Midway pilots recount opening days of war
ATSUGI NAVAL AIR FACILITY — They were among the first pilots to strike Iraqi targets in the opening minutes of Desert Storm, and still marvel in disbelief when talking about those perilous missions.
"All I remember was massive amounts of 'triple A' (anti-aircraft artillery) — it was like flying through a giant fireworks display," recalled Cmdr. Bernie Satterwhite, whose A-6 Intruder was the lead bomber off the aircraft carrier USS Midway at the war's outset. "To this day I don't know how all our aircraft got through" the barrages.
Satterwhite, a squadron commander, was one of the most experienced pilots aboard the Midway, and therefore chosen to lead the strike against an airfield in the Kuwaiti theater.
Before the mission, "I did a lot of sitting in my room, thinking about my family and the other pilots," Satterwhite said. "But once inside the aircraft, when I shut the canopy and headed toward the beach," it was like shutting out the outside world, he said. "Then it was all a matter of instinct and training."

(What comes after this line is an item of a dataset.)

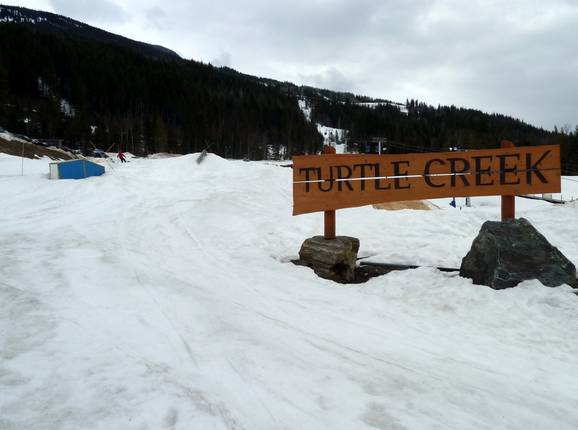There is a snow park at Revelstoke Mountain Resort. At the valley station, there are also some kickers and rails set up next to the Turtle Creek tubing area.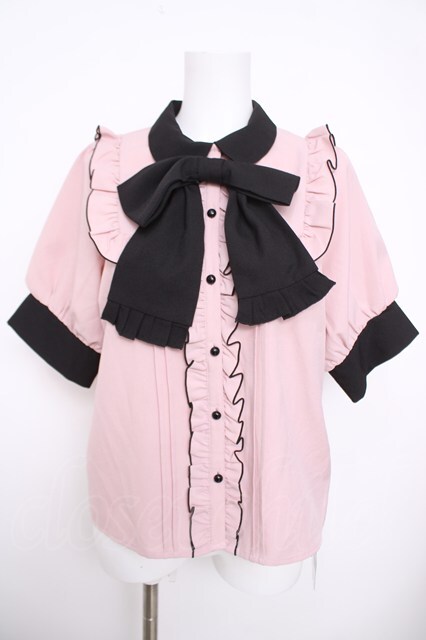 DearMyLove / スクエアフリルボウタイリボンブラウス L ピンク×黒 Y-26-03-30-046-EL-BL-SZ-ZY

SATTERWHITE recalled that "you get this real powerful burst through your body and your mouth goes dry" on crossing above enemy territory. On the first night of battle, the pilots hurled toward their targets low and fast, attempting to evade Iraqi radar-guided missiles.
"We were down at 200 feet when fire hoses of red tracers started to fire at us," said Cmdr. Terry Toms, another A-6 squadron commander. Toms recalled that "my low that night was 50 feet off the deck, dodging ground fire to stay alive. You can fly into the ground very easily when you're that low."
But the Iraqis' aim was poor, as there was little guidance to their fire — they simply shot toward the noise of the aircraft, pilots said. Still, the air barrages were so heavy that the Navy chose to begin high level bombing the next day to avoid anti-aircraft batteries.
Midway pilots then started releasing their bombs at 15,000 feet, and attribute this change of tactics to their success. In 3,400 wartime missions — the most of any carrier in the Gulf — the Midway's air wing lost no planes or pilots.
But high or low, flying into combat was never easy during the opening days of the air campaign.
ON A STRIKE mission, "once you fly over the beach you're running on 'stem power,' when all the blood in your head gets forced to a little spot in the back of your brain, and instinct takes over," said Lt. Cmdr. R.C. Thompson, an F/A-18 Hornet pilot who also flew at the war's start.
"That's where all the training pays off," Thompson said.
Cmdr. Ray Zack, another Hornet pilot, recalled "a couple of close calls" at the beginning of Desert Storm, "when a volley of radar-guided surface-to-air missiles locked in on me," during a day mission.
"I was the last guy off the target and just happened to look back when I saw this thing that looked like a gigantic telephone pole coming up my tail."
Zack fired clouds of chaff-shredded metal to fool the missile, and dove hard away from it.
"The only way to beat a missile is to out-fly it," the Hornet pilot said. But while the warhead exploded 500 feet away, two more followed it. By the time he out-flew those missiles, "I had no airspeed left."
Then columns of anti-aircraft fire started to track him.
"I thought they had me," Zack said. "I thought I'd be riding my chute down. But I kept jinking and made it out" of the barrage.